Stored items from a collection:
......
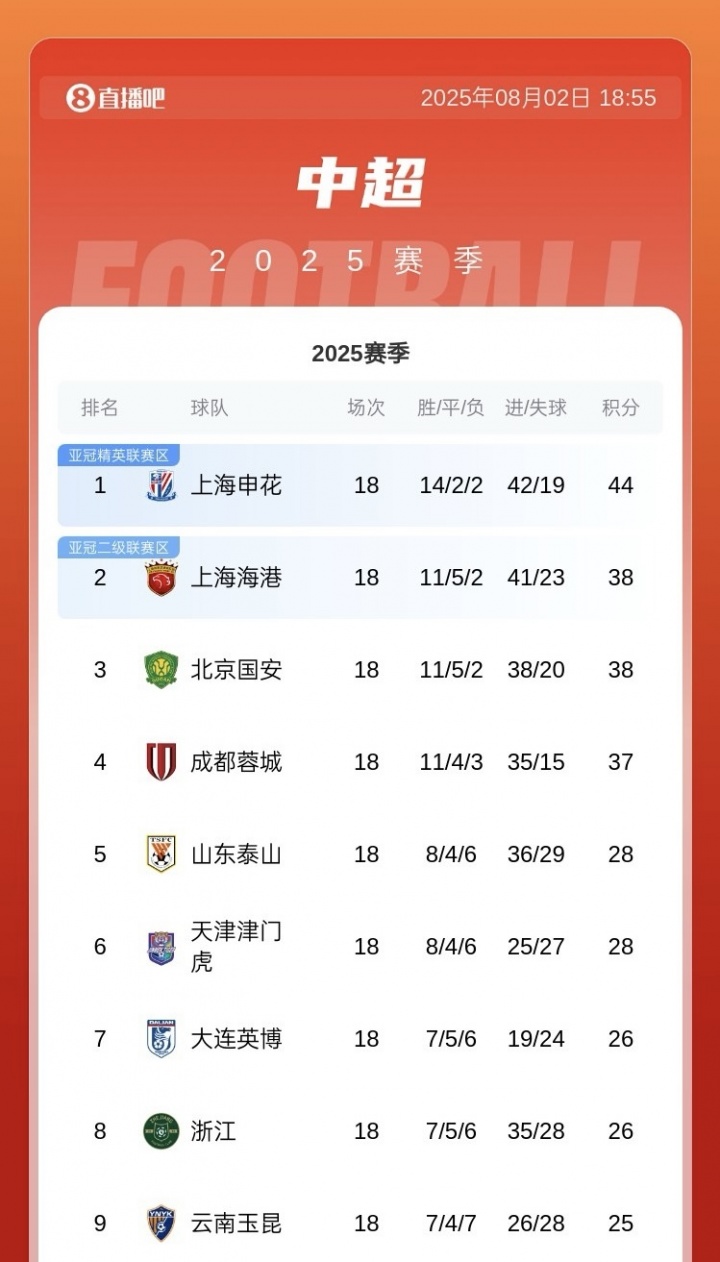 申花在积分榜积44分向上排行第9的玉昆19分,但玉昆凭借高原主场上风已赢得主场五连胜,此刻申花半场1-3过期。
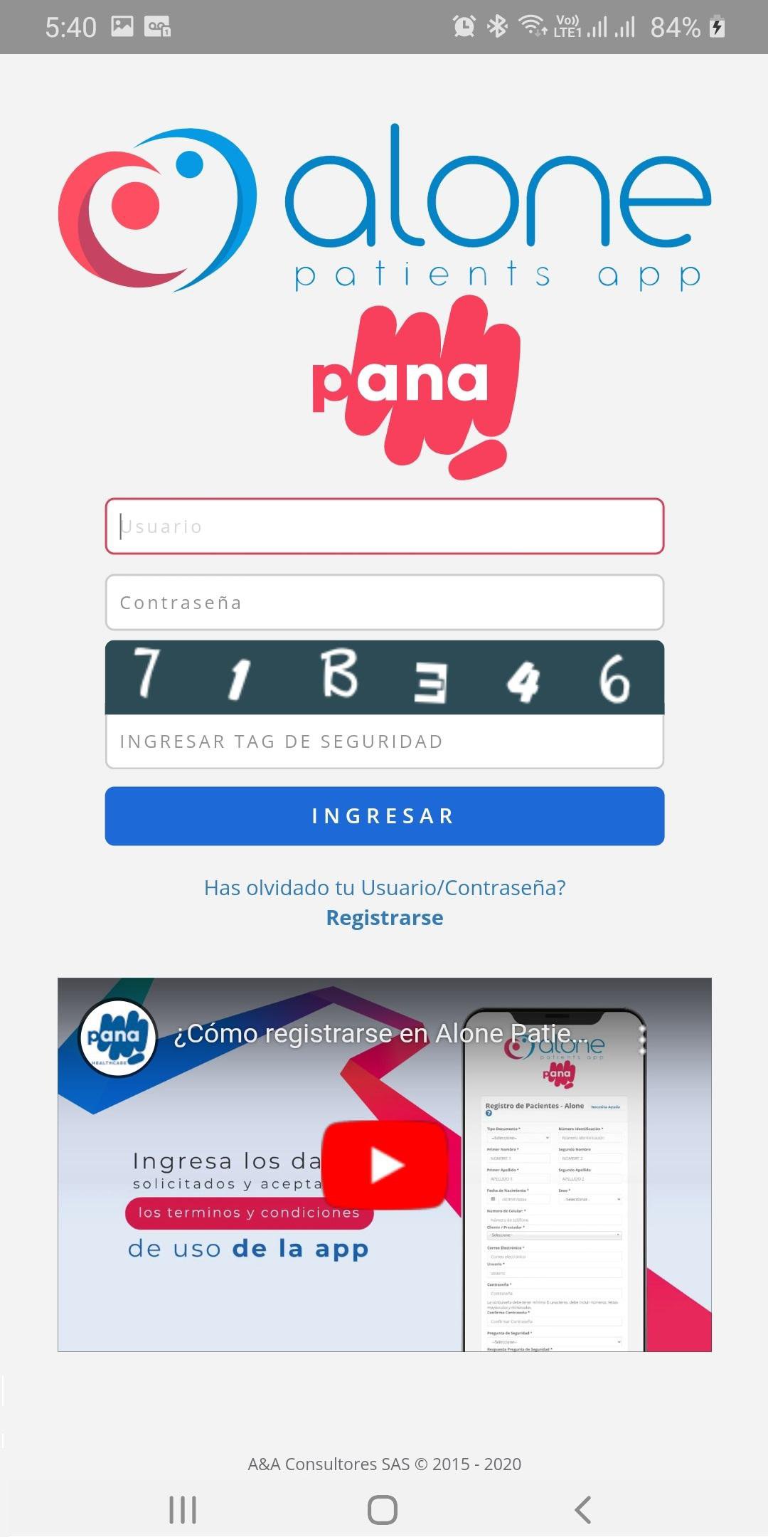 Alone Patients App, proveniente del desarrollador PANA BUSINESS SAS, se ejecuta en el sistema Android en el pasado.
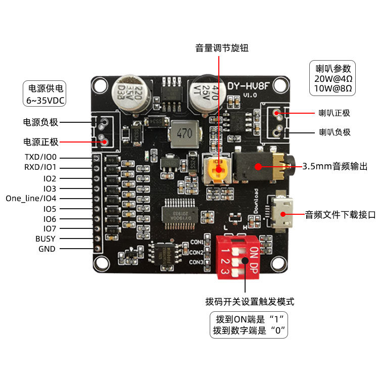 12V/24V语音播放模块一对一触发串口控制播放10W/20W语音模块HV8F
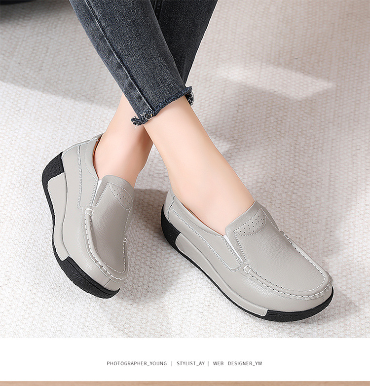 2023 봄과 가을 콩 신발 여성 싱글 레이어 신발 플랫폼 하단 얕은 입 부드러운 바닥 엄마 웨지 로킹 캐주얼 여성 신발
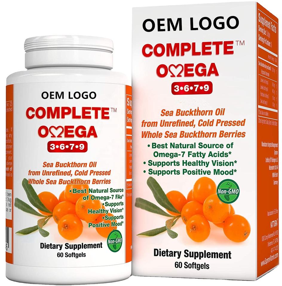 Private Label Herbal Supplement Seabuckthorn Fruit Seed Exact Sea Buckthorn Oil Soft Capsule Sea Buckthorn Oil Softgel
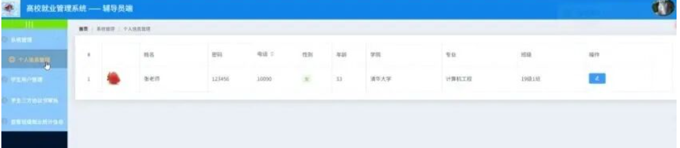 辅导员点击系统管理;在个人信息管理页面对姓名、密码、电话、性别、学院、专业、班级等信息进行查看或修改;
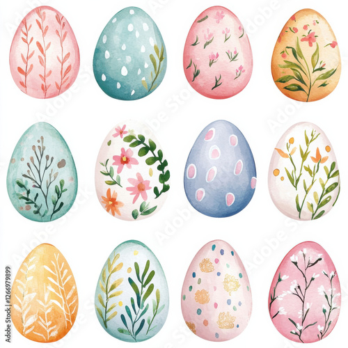Cute Easter eggs Clipart, Pastel Watercolor Spring colorful eggs, Boho Nursery Graphic Set,
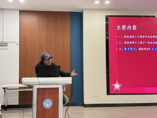 郝孝飞对党的二十届四中全会精神和省委十二届十一次全会精神进行了系统解读,并结合自身在学校25年的教学工作经验,围绕“教育强省,湖美何为?支点建设,湖美何为。”展开授课内容。
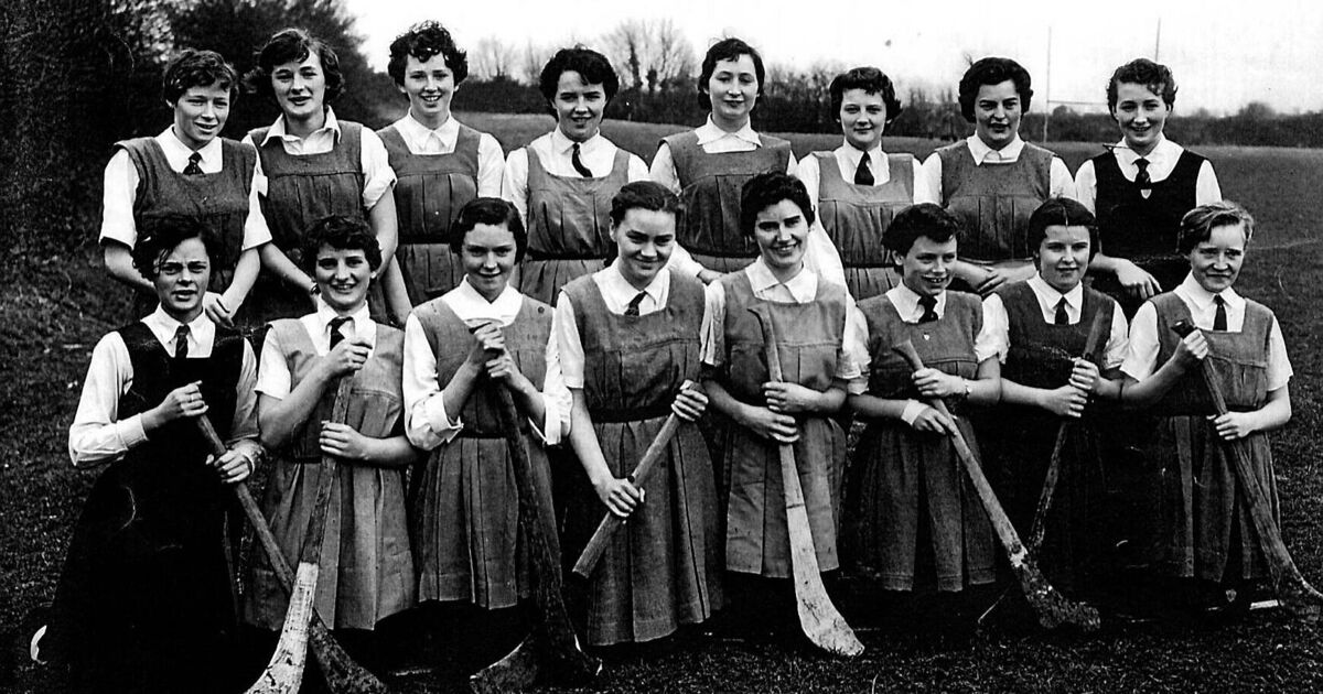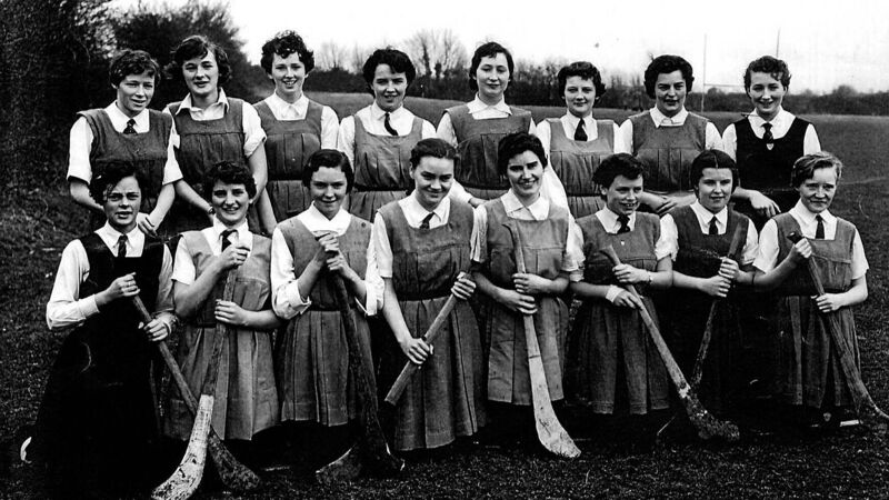 The old Aloysious camogie team which defeated Mourneabbey in the county junior championship at Church Road on March 3, 1957. The final score was 5-1 to 3-1. Front from left: Pauline Hegarty, Rena Manley, Helen Sexton, Mary Moran, Lily O’Grady (captain), Carmel O’Connell, Mary Clancy, Maura Fitzgerald. Back from left: Eileen Good, Betty Hegarty, Enda Wiley, Helen Horgan, Dymptna Langford, Phil Joyce, Carmel Joyce, Carmel O’Sullivan.
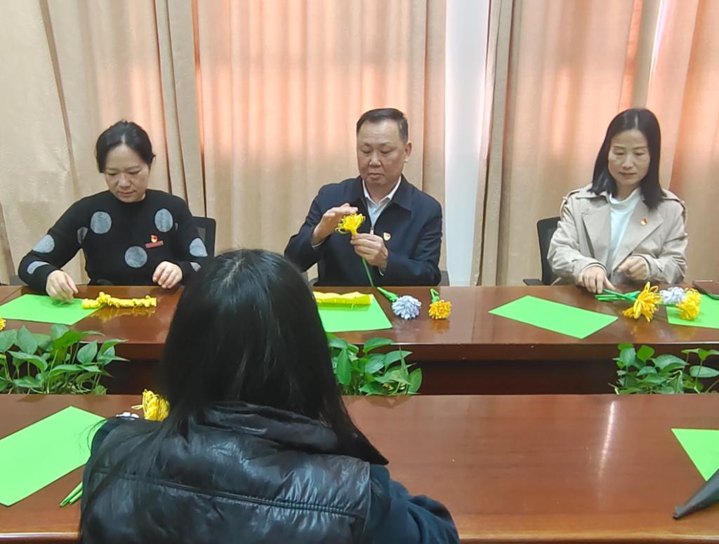 蒼松翠柏掩映下,110座烈士墓靜默矗立,斑駁的碑文銘刻著1949年福州戰(zhàn)役的壯烈史詩。活動伊始,大家圍坐成圓,將素白卡紙裁作八瓣雛形。隨著對角翻折、塑形固瓣、細捻花蕊等工序有序推進,百余朵手工紙菊漸次綻放,“革命理想高于天”的信念教育具象化為可觸可感的儀式載體。
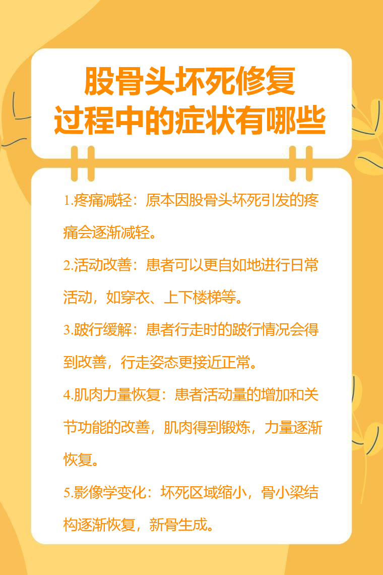 股骨头坏死修复过程中的症状有疼痛减轻、活动改善、跛行缓解、肌肉力量恢复、影像学变化等。
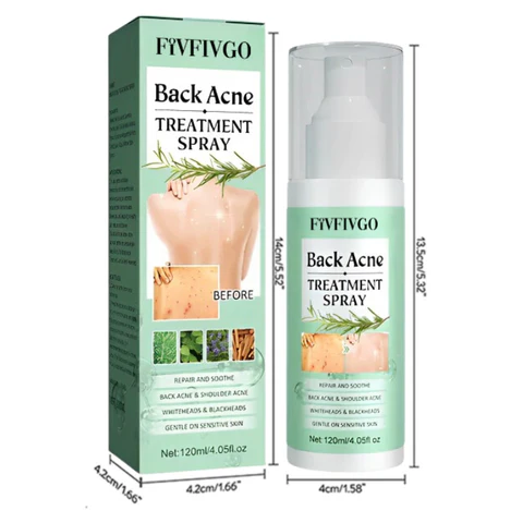 Rückenakne, auch bekannt als “Bacne”, ist eine häufige Hauterkrankung, die durch Akneläsionen auf dem Rücken gekennzeichnet ist. Ähnlich wie Akne im Gesicht entsteht Akne am Rücken, wenn die Haarfollikel am Rücken mit Öl, abgestorbenen Hautzellen und Bakterien verstopft werden. Zu den Faktoren, die zu Akne am Rücken beitragen, gehören hormonelle Schwankungen, übermäßige Ölproduktion, Schwitzen, Reibung durch Kleidung und bestimmte Haut- oder Haarpflegeprodukte. Akne am Rücken kann sich in Form von Pickeln, Mitessern, Mitessern oder schwereren entzündlichen Läsionen äußern. Sie kann unangenehm sein, jucken und Narben oder dunkle Flecken hinterlassen. Richtige Hygiene, regelmäßiges Peeling, das Tragen atmungsaktiver Kleidung und die Verwendung von Produkten zur Aknebekämpfung wie Fivfivgo™ Spray zur Behandlung von Akne am Rücken helfen, Akne am Rücken zu behandeln und zu verhindern.
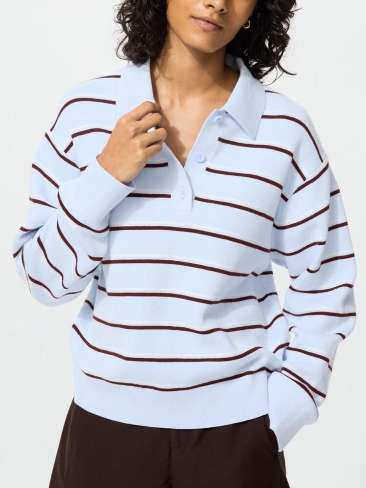 大ぶりの襟付きセーターは、一枚で着映えするこの春必見の一着。
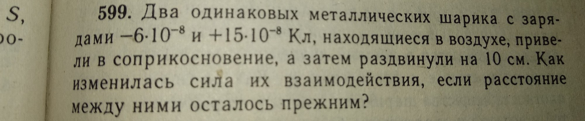 ! Помогите пожалуйста! Два одинаковых металлических шарика с зарядами -6*10^-8 и +15*100^-8 Кл, находящиеся в воздухе, привели в соприкосновения, а затем раздвинули на 10 см. Как изменилась сила их взаимодействия, если расстояние между ними осталось прежним
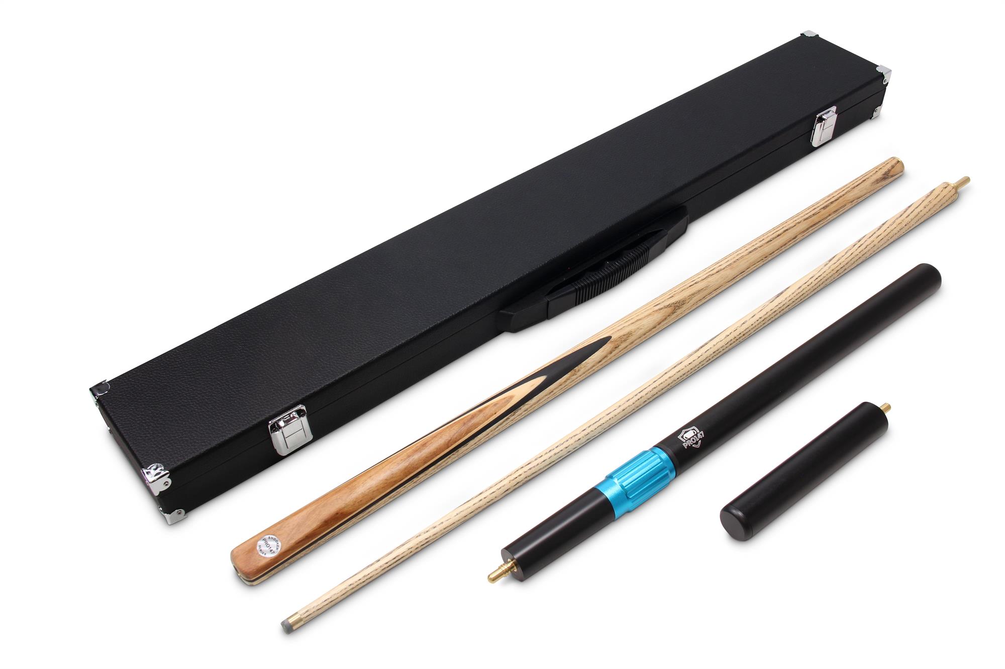 These traditional style PRO147 ash cues provide a stunning classic look and are excellent value for money. Made from premium ash with an elegant single faced rosewood, sapphire and ebony effect front splicing, this cue is sure to turn heads. The set includes matching long telescopic screw in extension, mini butt and 3 slot hard case to neatly house the whole set.
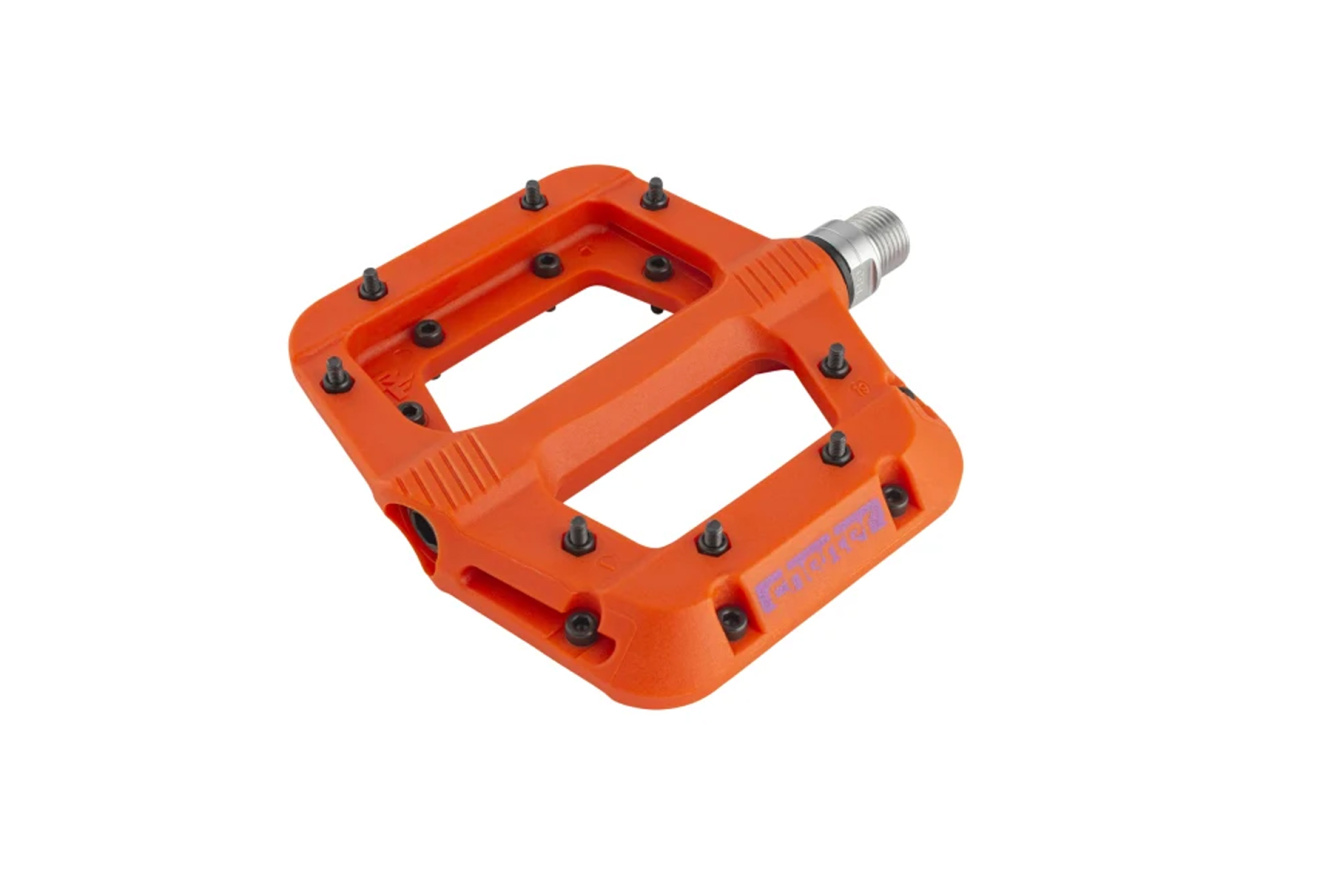 По 8 штифтов с каждой стороны не позволяют ногам соскальзывать даже в сильный дождь, а яркое покрытие делает педали настоящим украшением любого байка.
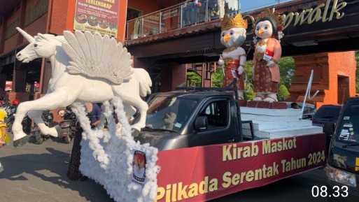 Sosialisasi Pilkada Serentak 2024, Maskot “Si Jali” dan “Kerto- Kerti” Dikirab Keliling Kota Mojokerto
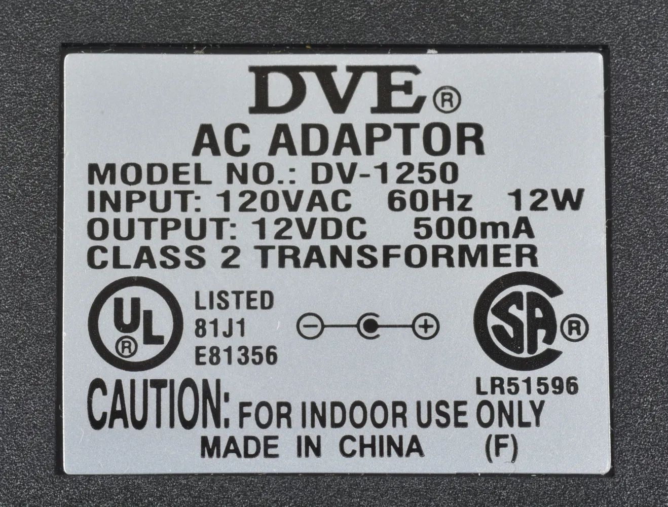 Polarity:Center Positive
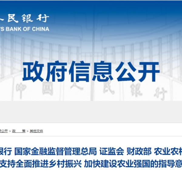 中國人民銀行、金融監(jiān)管總局、中國證監(jiān)會、財政部、農(nóng)業(yè)農(nóng)村部近日聯(lián)合發(fā)布《關于金融支持全面推進鄉(xiāng)村振興 加快建設農(nóng)業(yè)強國的指導意見》。
......
#### PROBLEM STATEMENT:
To complete this exercise, transcribe exactly the lines above from the one that holds "Cute Easter eggs" through the one that holds "股骨头坏死修复过程中的症状有". Pictures stay out.

#### RESPONSE BELOW:
Cute Easter eggs Clipart, Pastel Watercolor Spring colorful eggs, Boho Nursery Graphic Set,
 郝孝飞对党的二十届四中全会精神和省委十二届十一次全会精神进行了系统解读,并结合自身在学校25年的教学工作经验,围绕“教育强省,湖美何为?支点建设,湖美何为。”展开授课内容。
 The old Aloysious camogie team which defeated Mourneabbey in the county junior championship at Church Road on March 3, 1957. The final score was 5-1 to 3-1. Front from left: Pauline Hegarty, Rena Manley, Helen Sexton, Mary Moran, Lily O’Grady (captain), Carmel O’Connell, Mary Clancy, Maura Fitzgerald. Back from left: Eileen Good, Betty Hegarty, Enda Wiley, Helen Horgan, Dymptna Langford, Phil Joyce, Carmel Joyce, Carmel O’Sullivan.
 蒼松翠柏掩映下,110座烈士墓靜默矗立,斑駁的碑文銘刻著1949年福州戰(zhàn)役的壯烈史詩。活動伊始,大家圍坐成圓,將素白卡紙裁作八瓣雛形。隨著對角翻折、塑形固瓣、細捻花蕊等工序有序推進,百余朵手工紙菊漸次綻放,“革命理想高于天”的信念教育具象化為可觸可感的儀式載體。
 股骨头坏死修复过程中的症状有疼痛减轻、活动改善、跛行缓解、肌肉力量恢复、影像学变化等。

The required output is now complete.